Злое начало связано для Белого, следующего Соловьеву, с мировыми силами косности, темной материальности. Вспомним, что, по Соловьеву, мир в его материальной, физической, не просветленной духом основе построен по законам взаимного вытеснения, преследования, насильственного овладевания. Всякая тенденция овеществления, материализации, затвердения по природе своей агрессивна. Поэтому особая вещественность, уплотнение материи, трансформация бестелесного в материальное разоблачает у Белого процессы псевдодуховные, процессы, в которых единение в духе подменяется охотой и попыткой присвоения. При этом трансформация субстанции, ее демоническое сгущение творится исподволь, рождаясь в игре языка.
Нечто подобное происходит в сцене «деланья», или столяровской молитвы-ворожбы. «Странно натягивается воздух между предметами, как силы духовной некая ткань»[397]
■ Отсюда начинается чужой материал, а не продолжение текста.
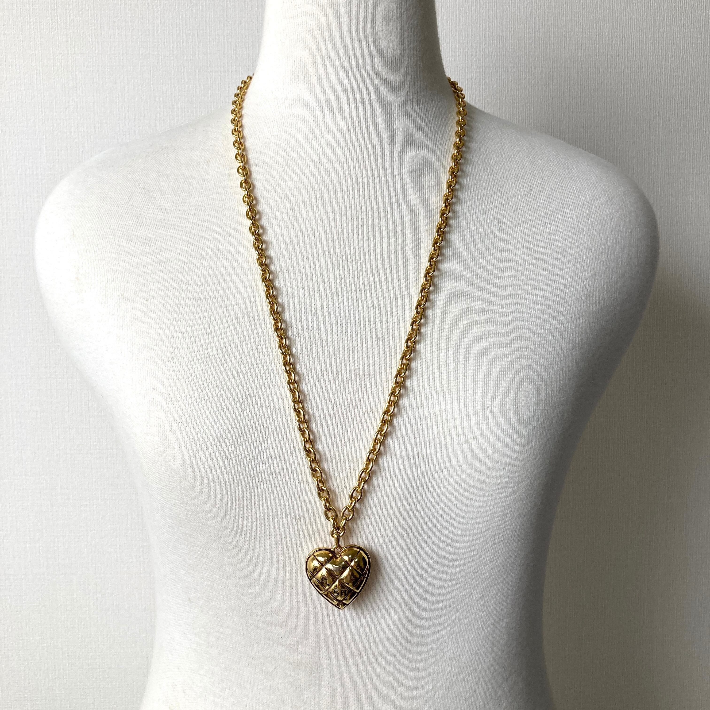 大ぶりのキルトデザインの立体ハートモチーフトップ。太めのチェーンで存在感のある人気のデザインです。
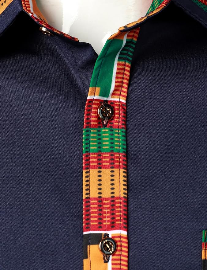 - FABRIC:Stylish African-inspired Dress Shirts.Kente Prints/Lightweight/Breathable/Stretchable fabric ensures more flexibility when moving
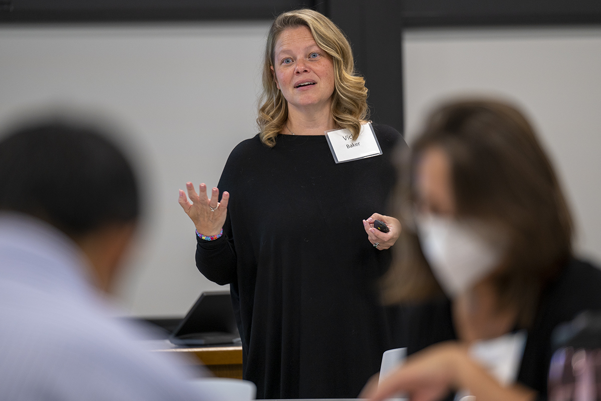 Vicki Baker, professor of economics and management at Albion College, led a “Mid-Career Faculty Program” in Simon Hall Sept. 30, hosted by the Office of the Provost. (Photo: Sid Hastings/Washington University)
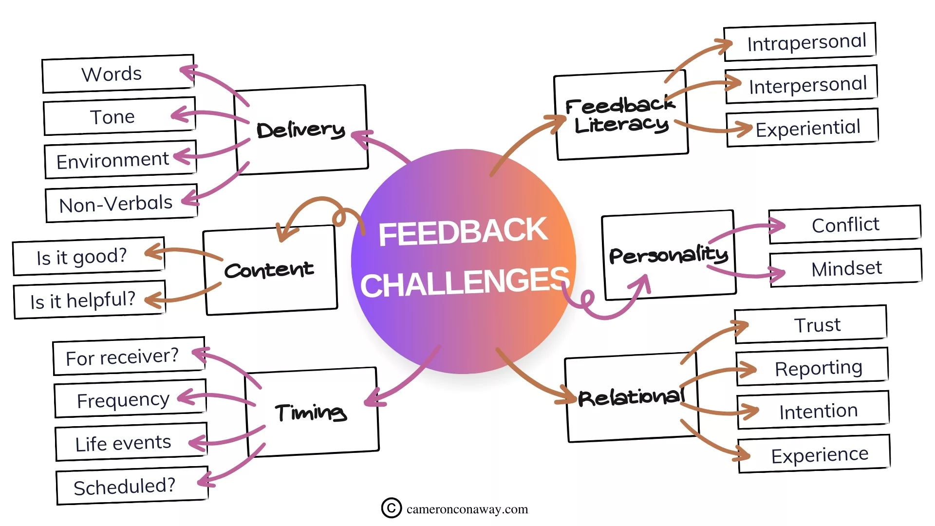 Another area where feedback challenges can occur has to do with Timing. For example, is the feedback receiver-centric… is it given at a good time for the receiver? If the feedback receiver just gave the greatest presentation of their life, rushing the stage immediately after they’ve finished to lay out all the ways they can improve next time might not be the best time. Similarly, waiting months after that presentation to give feedback may not be all that helpful either. And then there’s frequency. So while the feedback may be good, it could be that it’s coming at too great a frequency for the receiver to deal with. In my experience as a writer, I remember receiving rather relentless negative feedback from my professors. It reached a point where I felt hopeless. In this regard, the frequency of feedback was high and it felt especially high considering that the frequency of positive feedback I was receiving was exceptionally low. When one professor pulled me aside to give me some incredibly specific positive feedback, it set my career on a whole new path… all of a sudden I had the confidence and resilience to handle the high frequency of negative feedback.
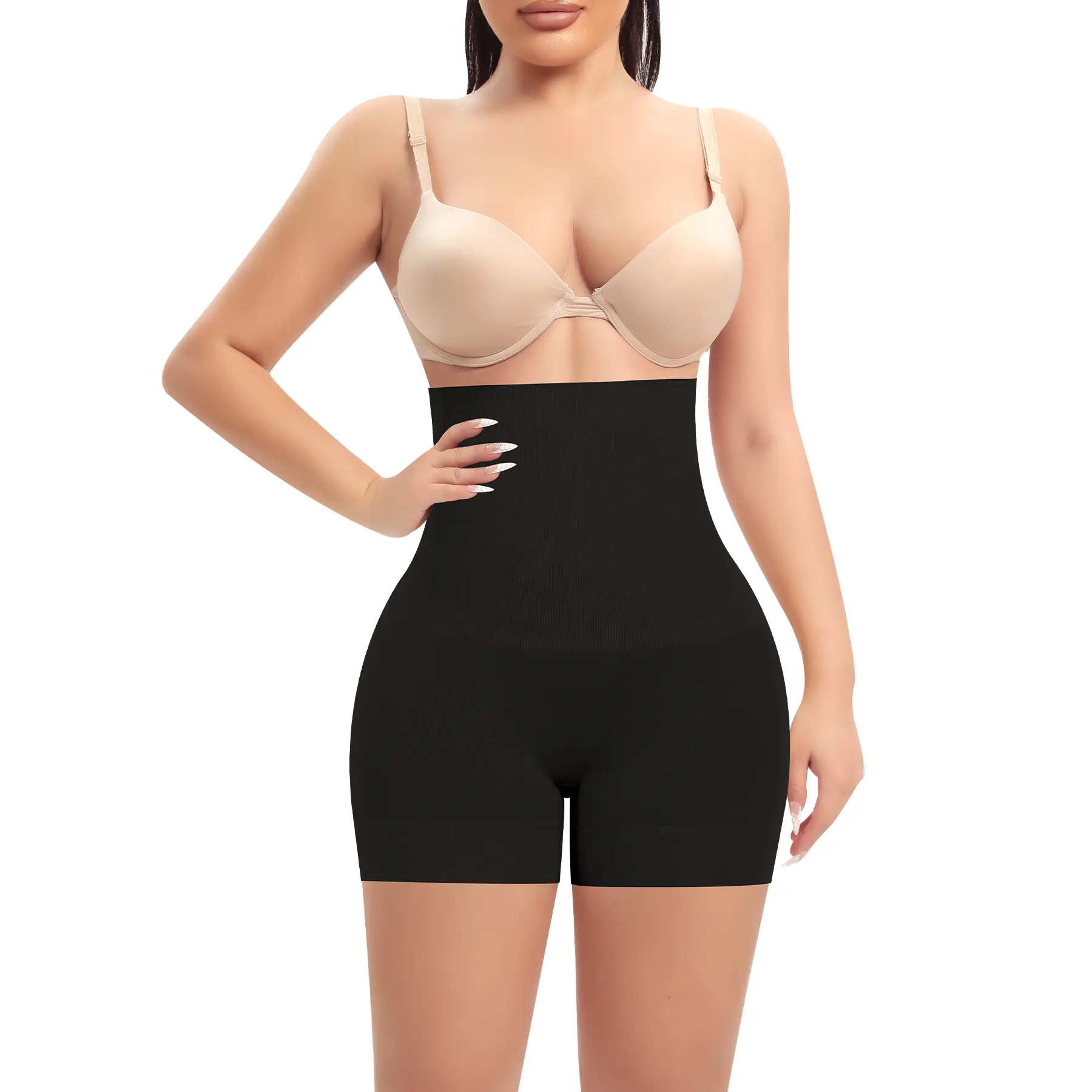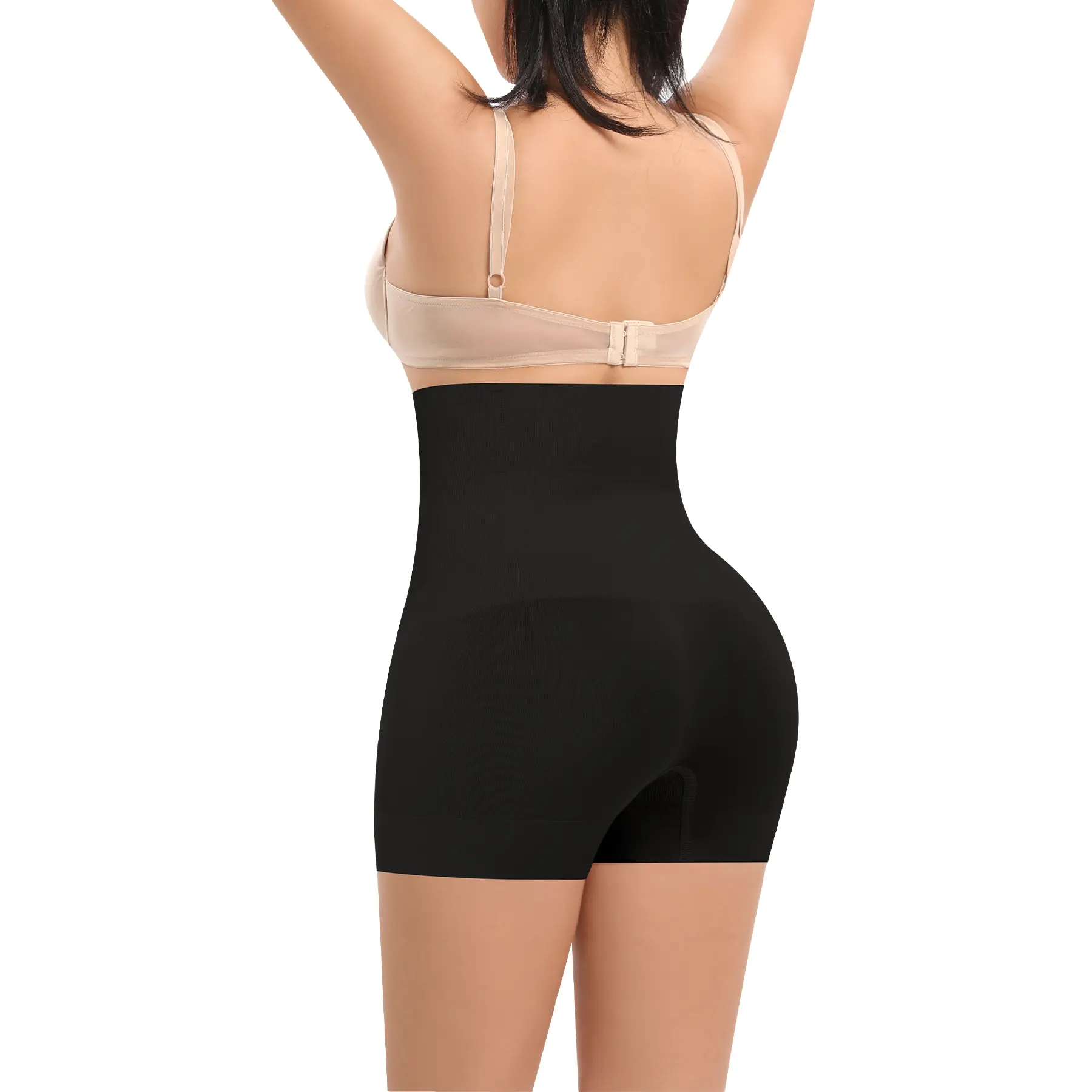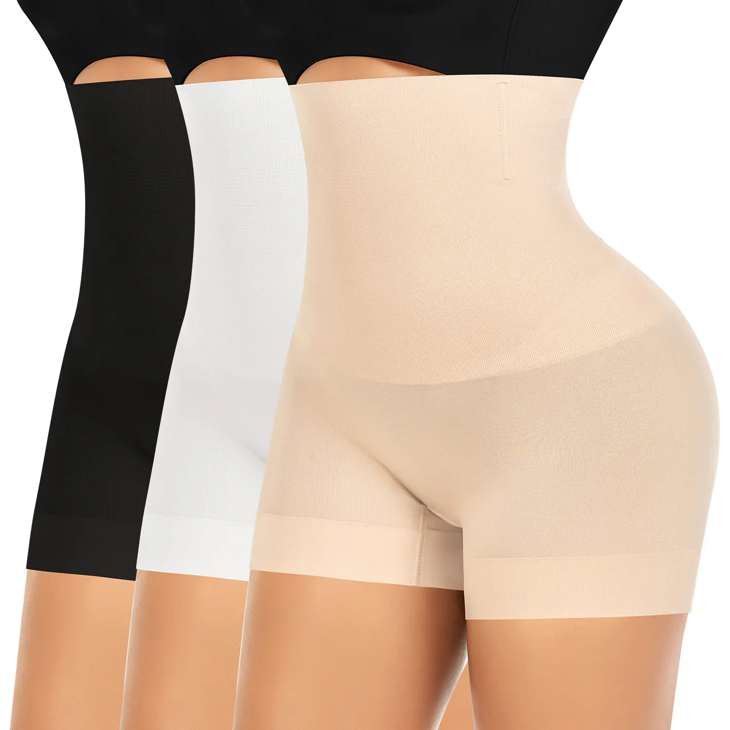 ·High Waisted Shaper Shorts >> The butt lifter shapewear shorts with 2 double-layer design on upper belly can better smooth your tummy, helping to tighten and lift your buttock in a natural way. You can wear this tummy control shapewear boyshorts as high wasited slip shorts.
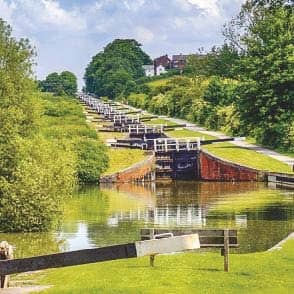 The route Beginning at Tardebigge, near Bromsgrove, and ending in Lapworth. ✣ Don’t leave without enjoying lunch at the Navigation Inn, which has a canal-side beer garden, top-notch food and is the only pub in the country to offer Guinness on handpull.

. Слово «ткань», с его абстрактными коннотациями, легко вступило в отношения с бестелесным, не противореча «духовному» строю действий столяра. Однако чуть ниже «ткань» становится паутиной, молитвы «ткутся» в «воздушный ковер»: «деланье» обнаруживает свое сатанинское начало в незаметных словесных превращениях. «Золотые нити» – «частицы души столяра» опутывают комнату, заматываются в Матрене «большим световым клубком», «нагоняют» Петра, «врастают… в грудь путаницей блестков. ‹…› И Петр думает: “То не нити, а души: они потекли паутинною тканью в пространствах…”»[398] Душа столяра тянется световой нитью, и нити обращаются в души. Душа как «золотая нить» – это метафора, душа как луч, средоточие и динамика света, но в отношении к «ковру», коим стала воздушная ткань, к паутине или клубку эта душевная нить делается метонимией. Метонимизация метафоры знаменует у Белого торжество материальной множественности, разрозненности над цельностью духовного бытия. Через метонимизацию душа утрачивает себя в качестве средоточия или сияния единого Божественного смысла, но становится частью материального и, значит, хищного космоса. И тогда она может нагонять, внедряться, врастать и опутывать.Субстанция столяровского «деланья», или собственно душа столяра, предстает не только как свет, который материализуется в нити, паутину, ткань, ковер и т. д., – она изливается в заклинательном слове. Слово стало объектом изображения, получило невиданную до Белого автономность. Оно само в своем «бешенстве» и «бессмыслии» – способ миротворения: кощунственное преображение, темное колдовство. Слово бессмыслия зазвучало само по себе, оно «хрипит», «клокочет», «истекает потоком»: «Старид
он, карион, кокире, стадо, стридадо…»[399] Оно обратило телесное единство, отождествляемое с именем, в сатанинскую ненарекаемую множественность: «То световое, быстро перебирающее пальцами тело, которое еще так недавно считало себя столяром, – не столяр: то легион сдавленных бешенств»[400]. Произнесенное, оно обрело еще большую независимость, оживляя снопы света, исторгаемые колдуном, демоническим «шипением»: «Красные пламена ударяются с шипом о пол и выпархивают из избы…»[401] Претворилось в сологубовскую недотыкомку (ср.: «Недотыкомка зашипела тихо-тихо, сжалась в малый комок»[402]). Наконец звук заклинания стал плотью: «Выпорхнет слово, плюхнется о пол, световым петушком обернется, крылами забьет: “кикерикии”… большой красный петух под луной перебежал ему дорогу»[403]. Слово сделалось существом, преследующим Петра, выросло в самочинную фигуру преследования, знакомую нам из шреберовского бреда о говорящих лучах.